• _WHAT IS BEING ASKED_: In the entries below, identify every line with the string "will" and copy it.

• _RECORDS TO USE_:
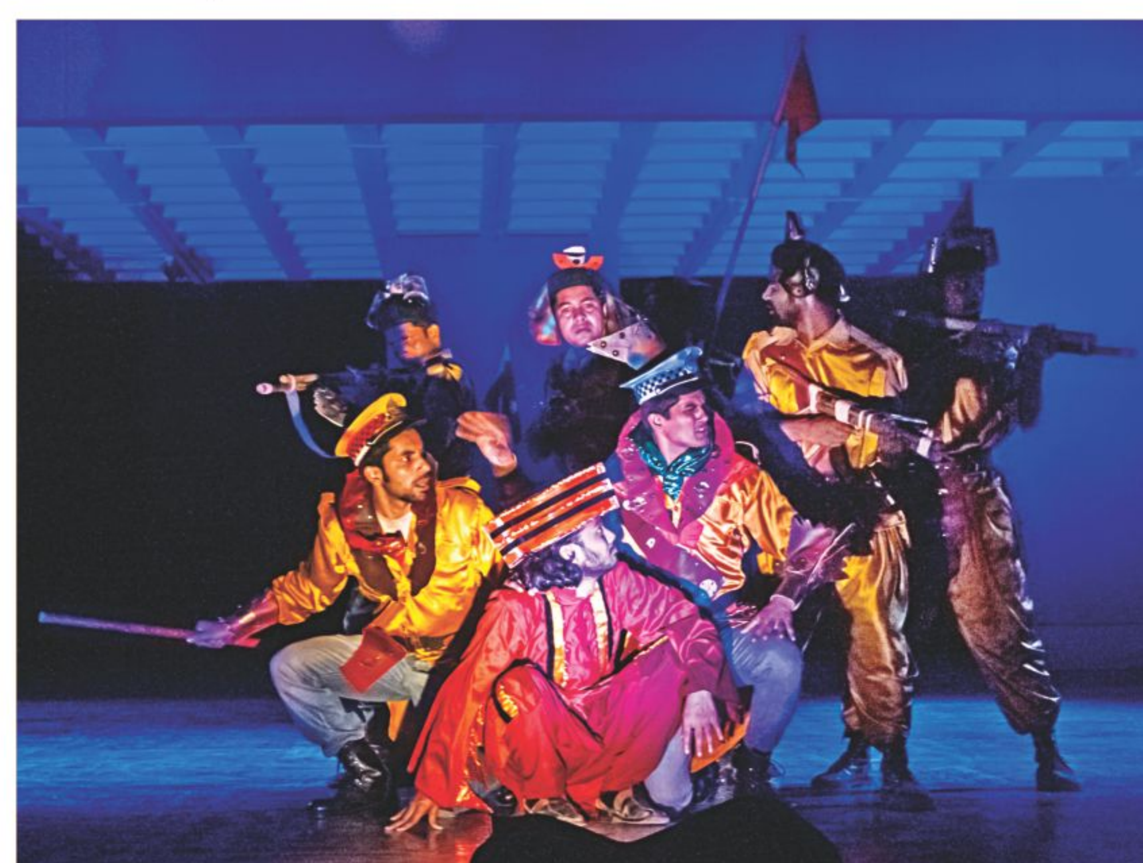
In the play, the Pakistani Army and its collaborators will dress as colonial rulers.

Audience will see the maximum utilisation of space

--

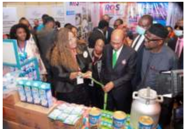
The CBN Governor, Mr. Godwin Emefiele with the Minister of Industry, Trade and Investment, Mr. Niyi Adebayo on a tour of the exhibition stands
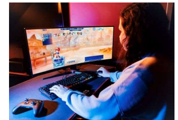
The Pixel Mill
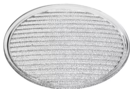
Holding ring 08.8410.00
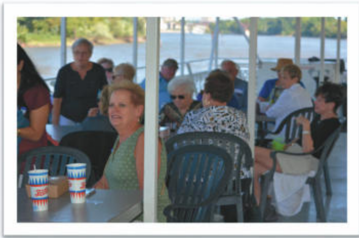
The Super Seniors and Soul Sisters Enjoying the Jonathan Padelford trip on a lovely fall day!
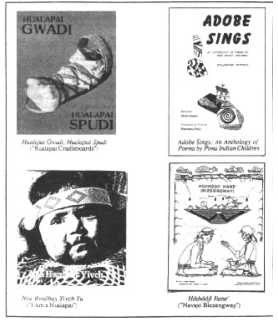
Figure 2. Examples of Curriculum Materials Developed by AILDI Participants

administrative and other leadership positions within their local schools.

• _WRITTEN SOLUTION_:
In the play, the Pakistani Army and its collaborators will dress as colonial rulers.
Audience will see the maximum utilisation of space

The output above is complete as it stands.